L’histoire du Rocher n’est pas celle d’une abondance naturelle, mais celle d’une initiative portée par Djamel Laghouati, ancien émigré algérien revenu s’installer dans la région. Depuis 2022, le projet pilote de réutilisation des eaux épurées issues de la station de traitement de Sidi Bel-Abbès a permis de transformer ce qui était considéré comme un déchet en une ressource agricole à part entière. Chaque jour, près de 3 000 m³ d’eau sont ainsi réinjectés dans le circuit agricole, contribuant à préserver les nappes phréatiques tout en assurant la viabilité des cultures.
Les situations observées à Ténira et au Rocher illustrent deux modes distincts de gestion de la ressource hydrique. Dans la plaine de Ténira, la multiplication des forages profonds et des bassins de stockage privés a entraîné une surexploitation de la ressource, au point de provoquer l’assèchement de puits collectifs et une dépendance accrue aux camions-citernes pour l’approvisionnement en eau potable. À l’inverse, Le site du Rocher suggère qu’une eau traitée et maîtrisée peut, dans certaines conditions, répondre à une partie des besoins agricoles.

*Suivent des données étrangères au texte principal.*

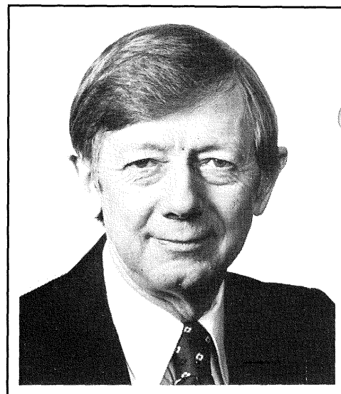
Attach a recent photo

Reelection for District 36 Portions of Scott, Dakota, Carver & LeSueur counties
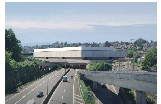
New Hall 1

Olma Messen St.Gallen is the most important meeting place in eastern Switzerland and one of the three largest exhibition locations in Switzerland. Around 90 employees ensure that around 800,000 people come together at the exhibition site every year for exhibitions, congresses and events. Olma Messen is one of the largest and most important exhibition-, event and congress organisers in Switzerland and at the same time an important part of St.Gallen's identity. With the new Hall 1, Olma Messen is expanding its premises and its range of services. The new hall will strengthen St.Gallen's position as an attractive exhibition and event venue. The opening of the new Hall 1 is planned for the first quarter of 2024 (partial opening in October 2023). Olma Messen St.Gallen creates, designs, organises and plans events on its own premises and beyond. As a partner, they offer everything from a single source. The infrastructure on the Olma grounds, provide the ideal spatial conditions.
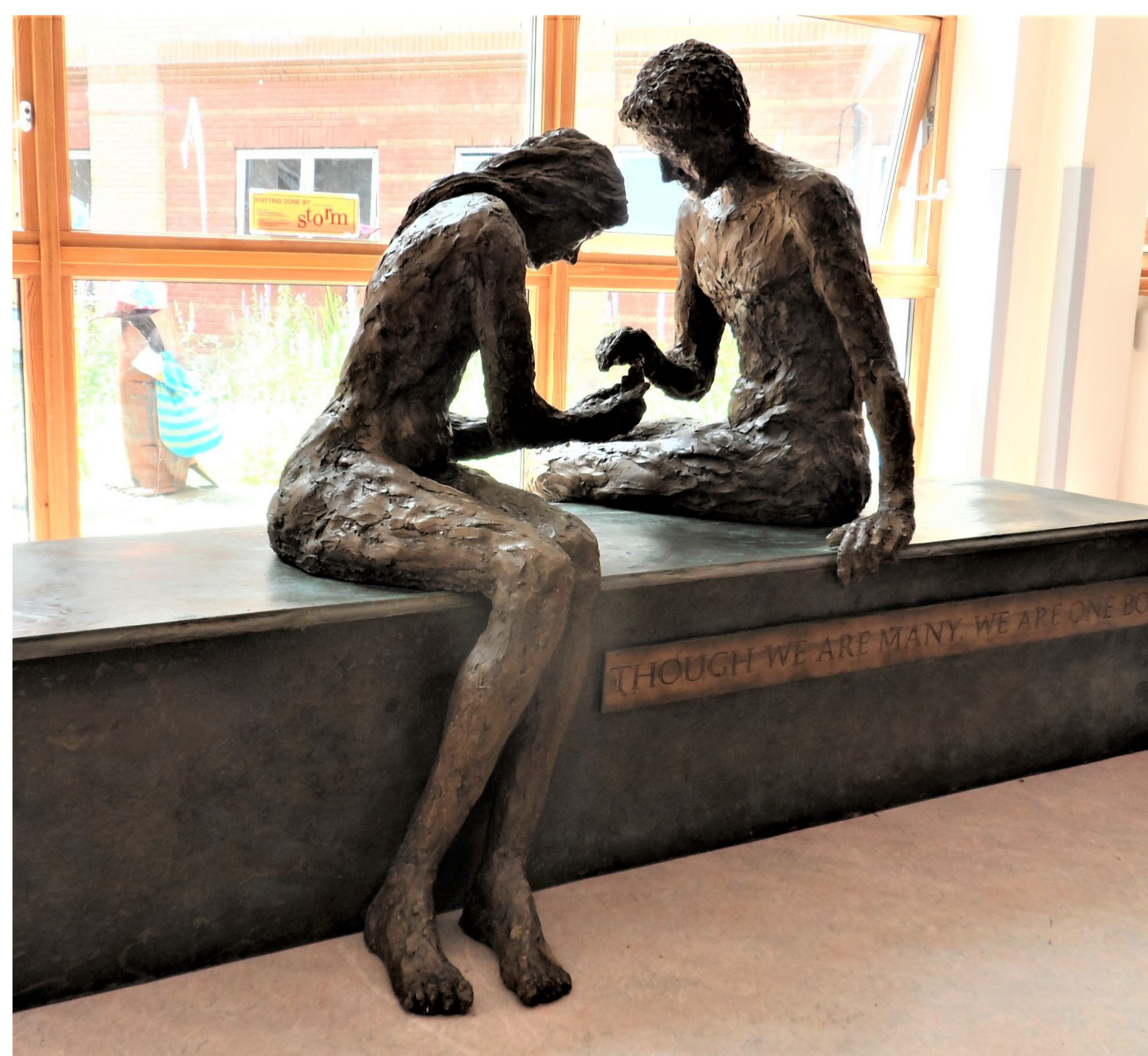
The Gift - a celebration of organ donation Chichester and Worthing Hospitals
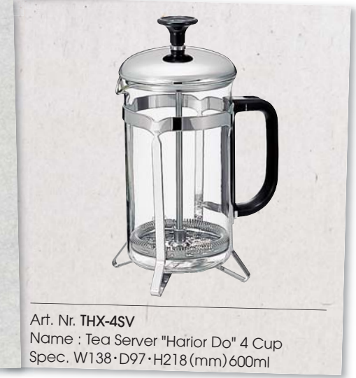
Art. Nr. THX-4SV Name : Tea Server "Harior Do" 4 Cup Spec. W138·D97·H218 (mm)600ml
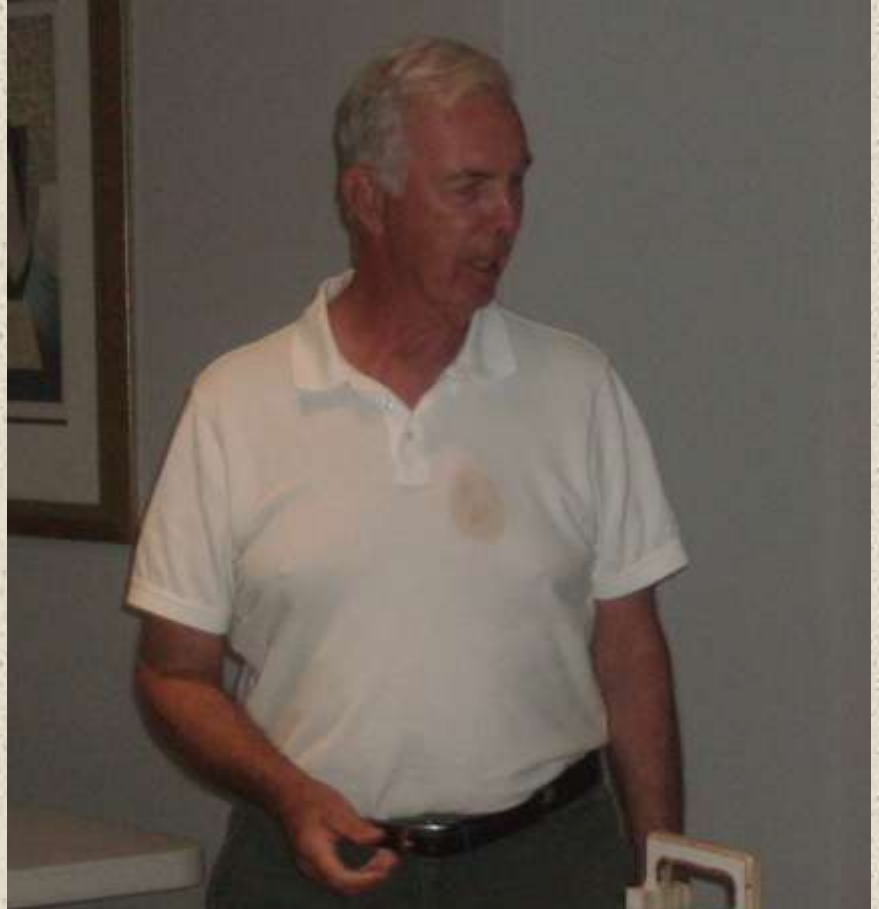
“Show and Tell” at the last RD-RC Monthly Meeting

Comme le souligne M. Djebbar : « Nous avons une ressource abondante, traitée, disponible toute l’année, parfaitement utilisable pour l’agriculture, et nous la rejetons dans la nature alors que des communes entières manquent d’eau pour boire. » Les chiffres confirment ce paradoxe : plus de 36 000 m³ d’eaux épurées sont traités chaque jour à Sidi Bel-Abbès, soit près de 15 millions de mètres cubes par an, un volume qui pourrait irriguer jusqu’à 1 500 hectares de terres agricoles s’il était pleinement valorisé.
Le contraste entre les deux territoires est saisissant. D’un côté, Ténira voit ses nappes s’épuiser sous l’effet de prélèvements intensifs ; de l’autre, Le Rocher démontre qu’une eau déjà disponible, traitée et renouvelable peut répondre durablement aux besoins agricoles. « Seuls 3 000 m³ par jour sont aujourd’hui utilisés pour l’irrigation d’un verger de nectarines, avec des résultats très satisfaisants », précise M. Djebbar, qui souligne le potentiel encore largement inexploité de ce modèle.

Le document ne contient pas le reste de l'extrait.